Another recent case raises more directly than the Jones incident the question whether First Amendment principles and doctrines governing incitement and true threats need to be adapted in light of the unique dangers of Internet speech. In December 2010, blogger and occasional radio talk show host Hal Turner was convicted of threatening to assault or murder three federal judges based on a blog post stating that they "deserved to die" for affirming dismissal of a challenge to a handgun ban. "The postings included photographs, phone numbers, work address, and room numbers of these judges, along with a photo of the building in which they work and a map of its location." [FBI Press Release] Turner's attorney evidently plans to appeal.
Although the Turner case was tried as a "true threats" case, the speech involved fits at least as squarely into the legal definition of "incitement." The line between true threats and incitement is not always clear. In Virginia v. Black, 538 U.S. 343 (2003), a plurality of the US Supreme Court defined "true threats” to "encompass those statements where the speaker means to communicate a serious expression of an intent to commit an act of unlawful violence to a particular individual or group of individuals. The speaker need not actually intend to carry out the threat." True threats are not protected by the First Amendment because they engender fear and intimidation and disrupt the lives of victims. Incitement, by contrast, involves advocacy "directed to inciting or producing imminent lawless action" that is "likely to incite or produce such action." Incitements are unprotected because they create a likelihood of violent actions, not because of the fear they engender.
Put (overly) simply, the distinction between a threat and an incitement is as follows. A threat involves a speaker saying to a victim: "I will do you harm." Whereas, an incitement involves a speaker saying to third parties: "You ought to harm someone (or some thing)." This distinction gets blurred, however, in a case like Turner's. Turner's statement was arguably designed to create fear and intimidation in the three federal judges against whom it was directed and to cause them to change how they ruled in future cases. However, it was not clear that Turner contemplated personally doing violence to the judges. Instead, his speech was aimed at persuading a third party to do violence to the judges "on his behalf," so to speak. His speech deserves censure (moral certainly, legal arguably) because it magnifies the risk of violence by unidentified third parties, and the risk is undoubtedly greater because the speech took place on the Internet.
But would it meet the constitutional test for unprotected incitement? Brandenburg v. Ohio arguably would prevent convicting a defendant like Turner for incitement, unless the contours of current doctrine are dramatically altered to fit the Internet context. Brandenburg provides strong protection for advocacy of violence by radical dissidents like Turner, and it is a proud pillar of American First Amendment jurisprudence precisely because it sets an extremely high bar to imposing liability in incitement cases. The speech in Brandenburg, though, is completely despicable. There, the Supreme Court defended the right of a hooded Ku Klu Klan speaker to exhort his audience to "[s]end the Jews back to Israel," and to "[b]ury the niggers." This speech took place at an "organizers' meeting" of the Klan, at which some of the attendees were clearly armed. The Supreme Court nonetheless found the speech to be protected by the First Amendment.

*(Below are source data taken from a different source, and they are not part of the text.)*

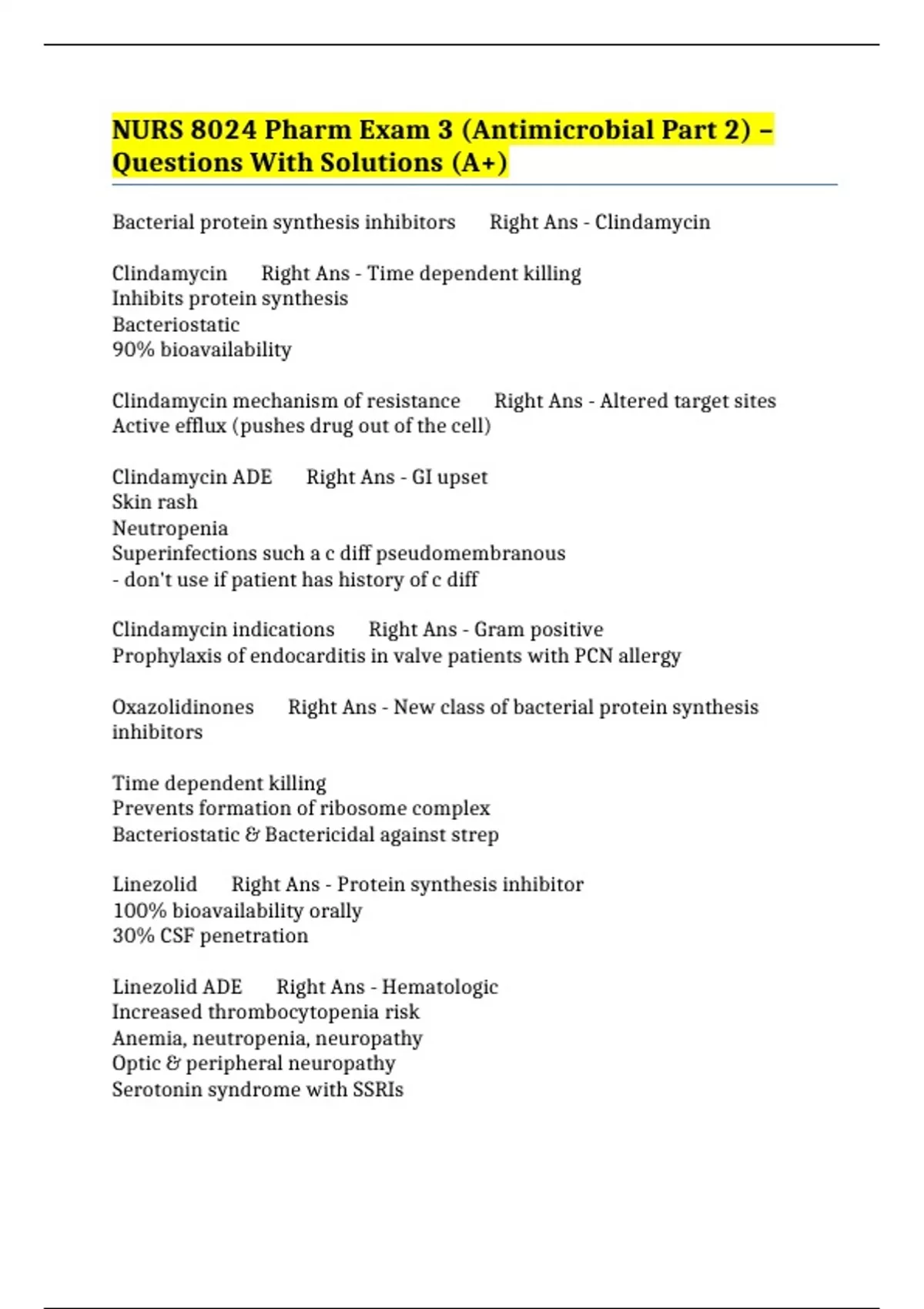 Bacterial protein synthesis inhibitors Right Ans - Clindamycin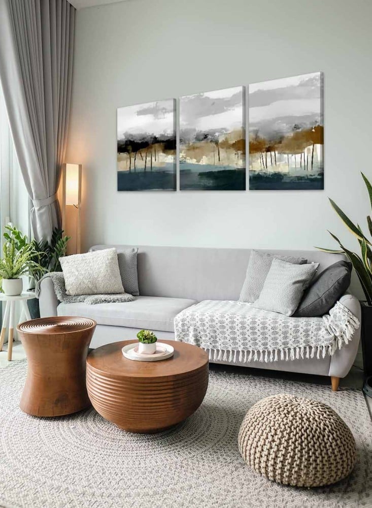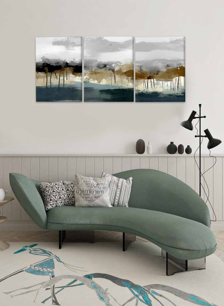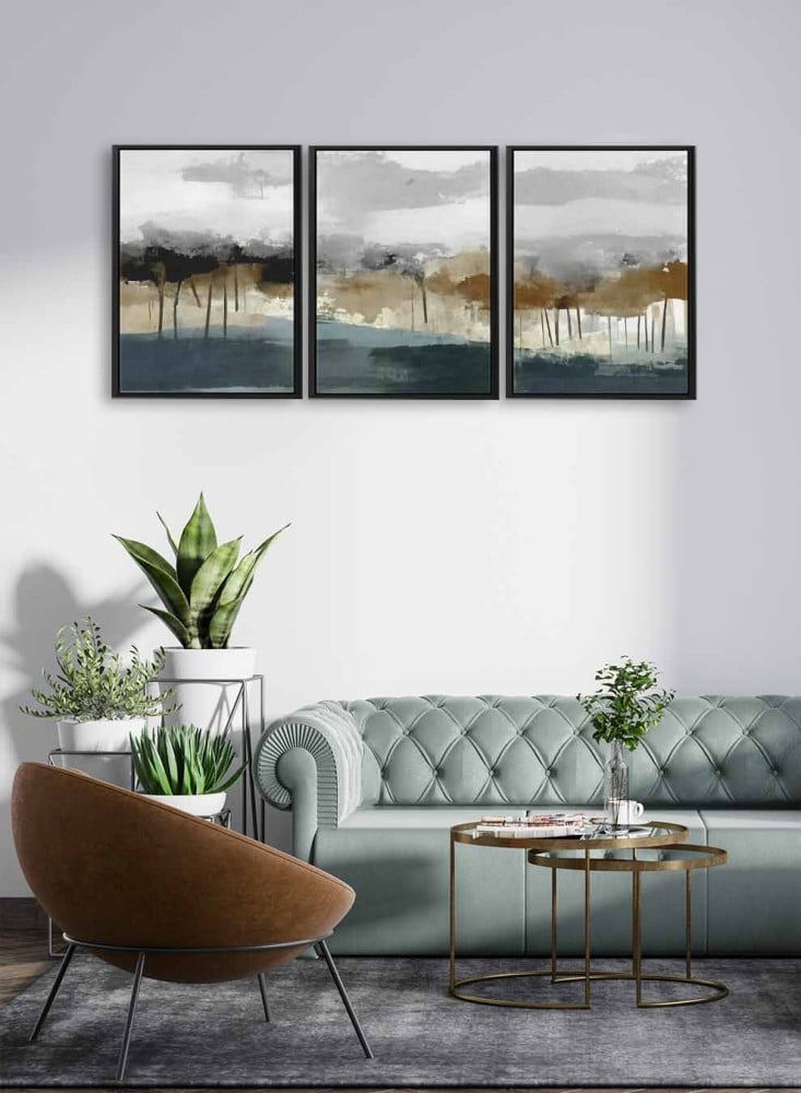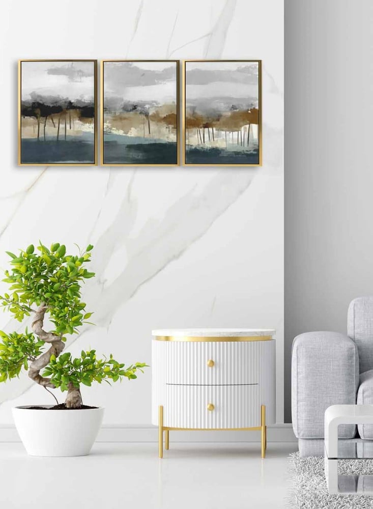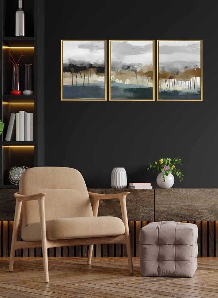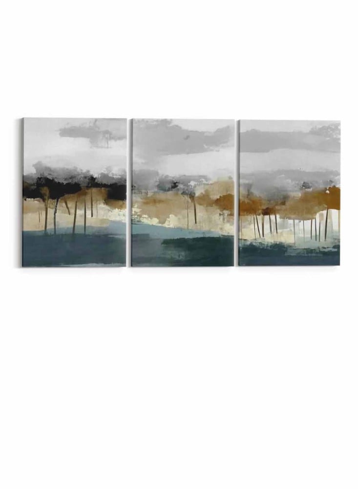 طقم من ٣ لوحات كانفاس على إطار خشبي بتصميم فن تجريدي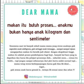 Kl sy tipe ibu yg gak ambil pusing anak harus gendut bun😁paling penting anak sehat, pertumbuhan normal (BB dan TB ideal) dan aktif.. Kl tetangga dan sodara sy banyak banget ini yg msh terobsesi ank hrs gendut.. Kena baby shaming aja sering tp ya sudahlah senyumin seimut mungkin aj hihi...

In striking down Ohio's prosecution of the Klansmen for advocating criminal activity, the Court stated that the First Amendment does not allow "a State to forbid or proscribe advocacy of the use of force or of law violation except where such advocacy is directed to inciting or producing imminent lawless action and is likely to incite or produce such action." In order for a speaker to be prosecuted for incitement, therefore, the State must show (1) intent to incite another; (2) to imminent violence; and (3) in a context that makes it highly likely such violence will occur. Brandenburg's test appreciates the fact that the State is likely to over-predict violence from speech, and it seek to ensure that suppression is not based on fear or dislike of radical ideas or speakers.
The main obstacle to convicting Internet speakers under Brandenburg is the imminence requirement. Brandenburg's imminence requirement was designed around the speech situation it presented: a firebrand speaker trying to rally a crowd in a physical setting. Brandenburg contemplates liability for speakers in those rare instances where a "mob mentality" is especially likely to take hold and lead to violent action. The paradigm case for Brandenburg, then, is a speaker exhorting an angry torch-wielding mob on the courthouse steps to burn it down immediately. It is only in such cases, where there is no time for "evil counsels" to be countered by good ones, that advocacy of violence crosses the line into incitement.

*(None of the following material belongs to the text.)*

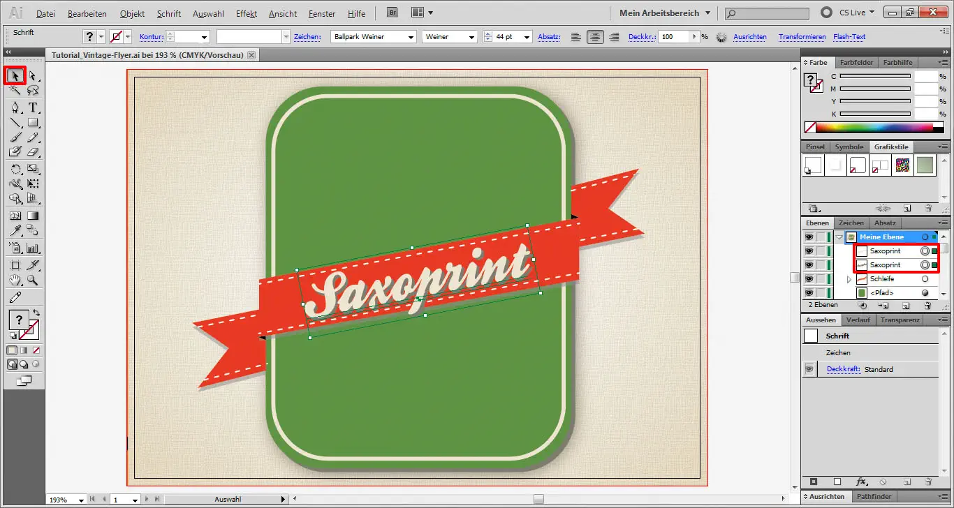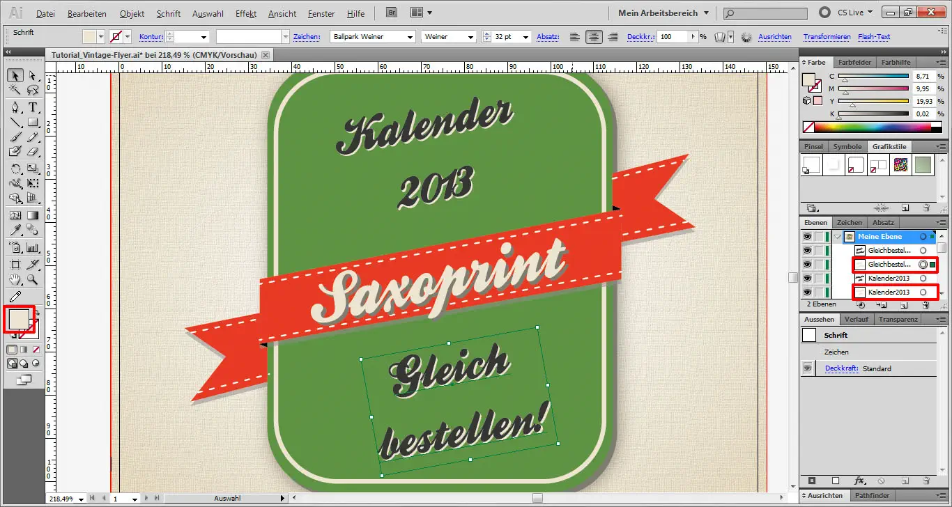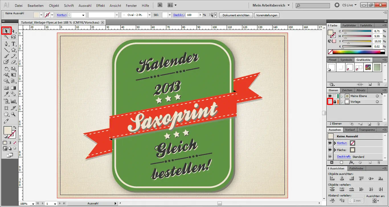 Diese beiden Gruppen kopieren wir erneut und schieben die Kopien nach unten über die untere Schriftebene. Dann machen wir die Vorlagenebene mit Klick auf das Augensymbol unsichtbar und schon kann unser Flyer bei Saxoprint.de in den Druck gehen.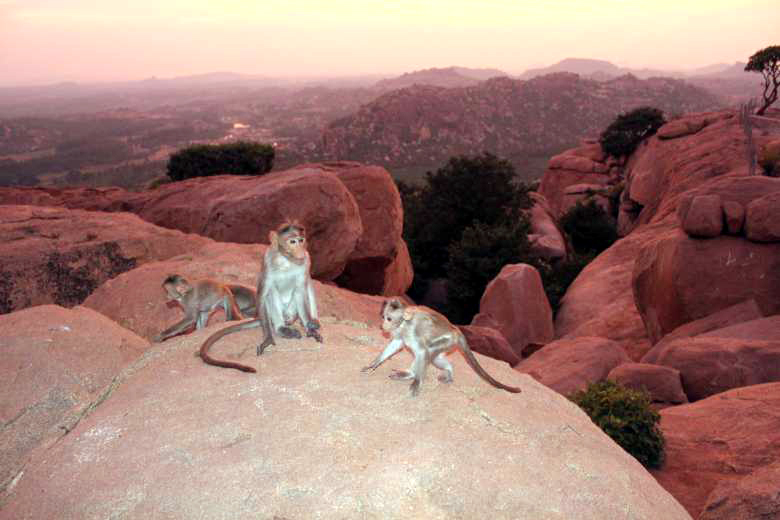 На подъезде к Хампи бросается в глаза удивительный ландшафт. Холмы покрыты гигантскими круглыми валунами. Почему они такие мягкие, будто их веками омывал океан, никто не знает.

Brandenburg's sanguine attitude toward the prospect of violence rests on an assumption about the audiences of radical speech. Brandenburg assumes that most citizens (even Ku Klux Klan members) simply are not susceptible to impassioned calls to violent action by radical speakers. In fact, Brandenburg represents the fruition of a libertarian theory of free speech planted by Justices Oliver Wendell Holmes and Louis D. Brandeis in a series of mostly dissenting opinions brought against social radicals following World War I. As I've discussed elsewhere, that theory makes several assumptions about the likely "audiences" of potentially inciting speech. The most fundamental assumption is that these audiences are typically composed of rational beings who will not leap to violence simply because radical speakers urge them to do so. Not only is the audience assumed to be rational and skeptical, but they are also assumed to be willing and motivated to engage in public discourse to refute dangerous falsehoods or "noxious doctrine."

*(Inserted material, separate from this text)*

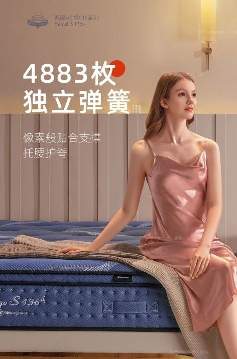 与其他品牌床垫相比,配置4883枚独立弹簧的西屋床垫S3是目前市面上比较多的独立弹簧床垫,这就如4883只小手一样,睡觉时能更好的支撑到人体,均匀分散体压,释放肌肉和骨骼压力,捕捉每一个睡姿。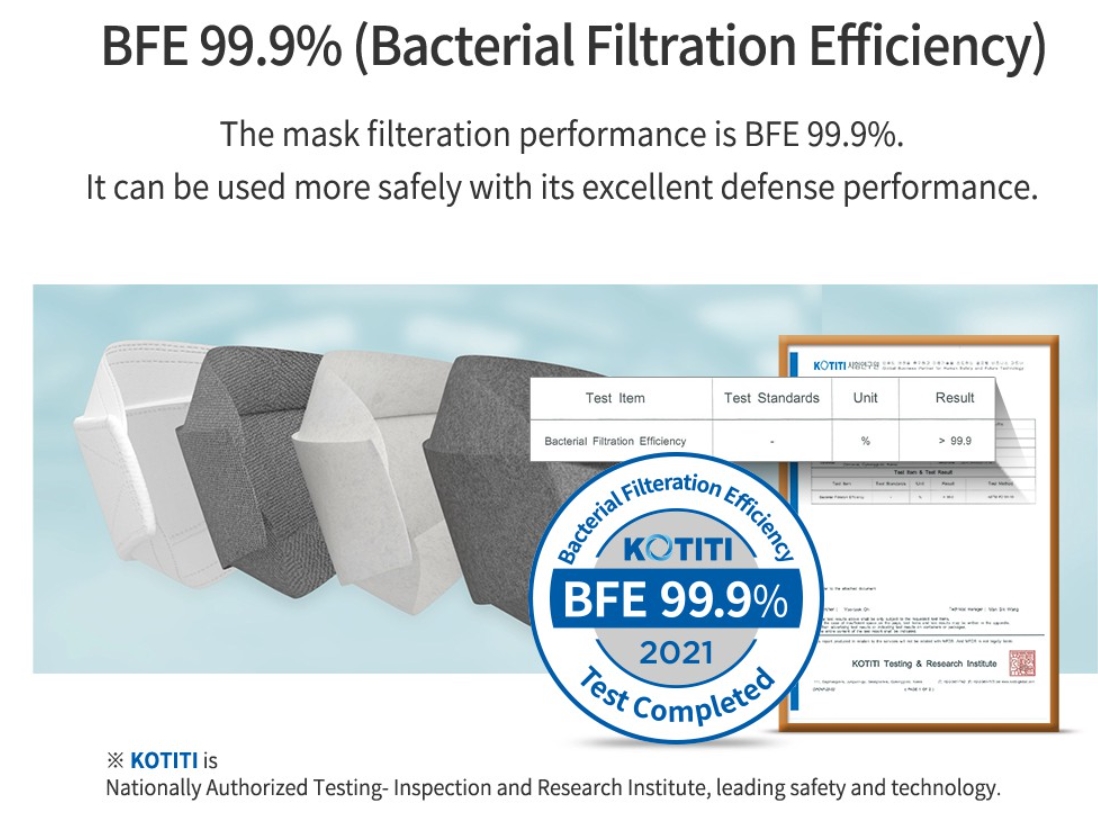 Mask filtration performance is BFE 99.9 %. Protects from bacteria with its excellent defence performance.

Cyber incitement represents a challenge to the rational audience assumption underlying incitement doctrine (and much of First Amendment law). Audiences in cyberspace arguably differ from audiences in "real space" in ways that justify changing our assumptions. How is cyber incitement different than incitement in "real space"? One of the main problems identified by scholars is audience size. Initially, it might seem that size ought not to matter, but here's what the size complaint really means. If you magnify the potential audience, you magnify the chance that the speech will reach an audience member who is NOT rational and NOT willing to listen to counterspeech that defuses the violent advocacy of its dangers. This prospect is heightened by the technology of search; cyber audiences searching out violent advocacy on the Internet may be searching for confirmation of their own violent plans or projects and may be especially impervious to counterspeech even if it were immediately available, which it is not. [It is also worth mentioning that Internet speech crosses geographical borders into communities where counterspeech is not the norm.]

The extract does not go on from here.